▶ INPUT DATA
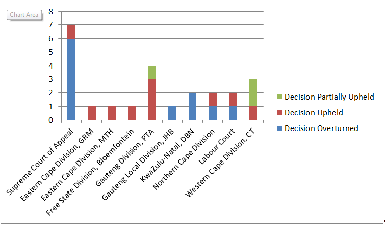 This graph shows the results of appeals to the Constitutional Court in relation to the Court from which the appeal was held. For example, if a case was first heard in the Eastern Cape High Court, and then went on appeal to the Supreme Court of Appeal, the Eastern Cape High Court’s decision is not reflected on this graph, only the Supreme Court of Appeal’s decision is reflected.
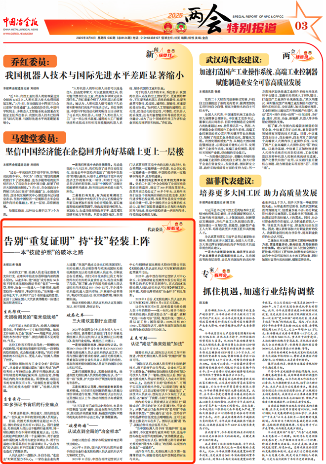 深夜的工廠里,檢測人員老馬正借著月光和燈光,在寒風中檢查容器焊縫內部的微小裂紋。從業多年,他“被迫”成為擁有30多張不同領域無損檢測證書的“卷王”——航空、特種、冶金……每進入一個新領域,他都要經歷一輪培訓、考試和體檢。“如果能一張證書走天下,該多好?”這個看似遙遠的愿望,正因十三屆全國人大代表袁偉霞的一份建議加速照進現實。
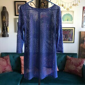 LYNN RITCHIE Silver size M Royal Blue Stretch Sheer Mesh Net Hi-Lo Top
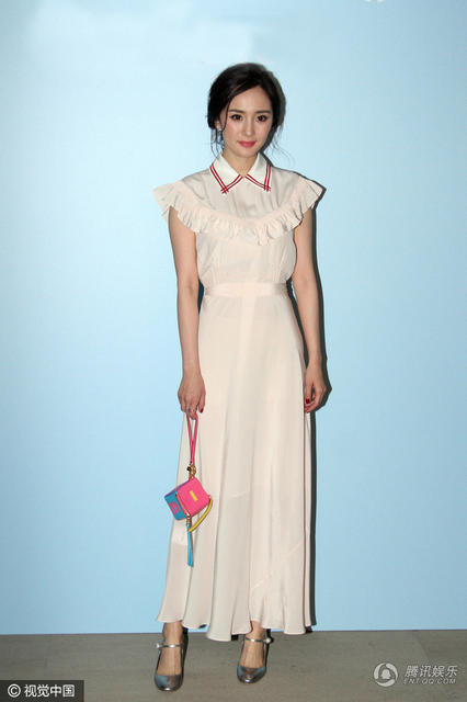 视觉中国讯 2017年3月16日,北京,某品牌活动,杨幂,董洁等女星亮相。杨幂一身白色长裙,走少女风。

▶ TASK TO CARRY OUT
Nothing but the lines from the one containing "LYNN RITCHIE Silver" through the last line of the listing should be copied, each word for word and without pictures.

▶ WRITTEN SOLUTION
 LYNN RITCHIE Silver size M Royal Blue Stretch Sheer Mesh Net Hi-Lo Top
 视觉中国讯 2017年3月16日,北京,某品牌活动,杨幂,董洁等女星亮相。杨幂一身白色长裙,走少女风。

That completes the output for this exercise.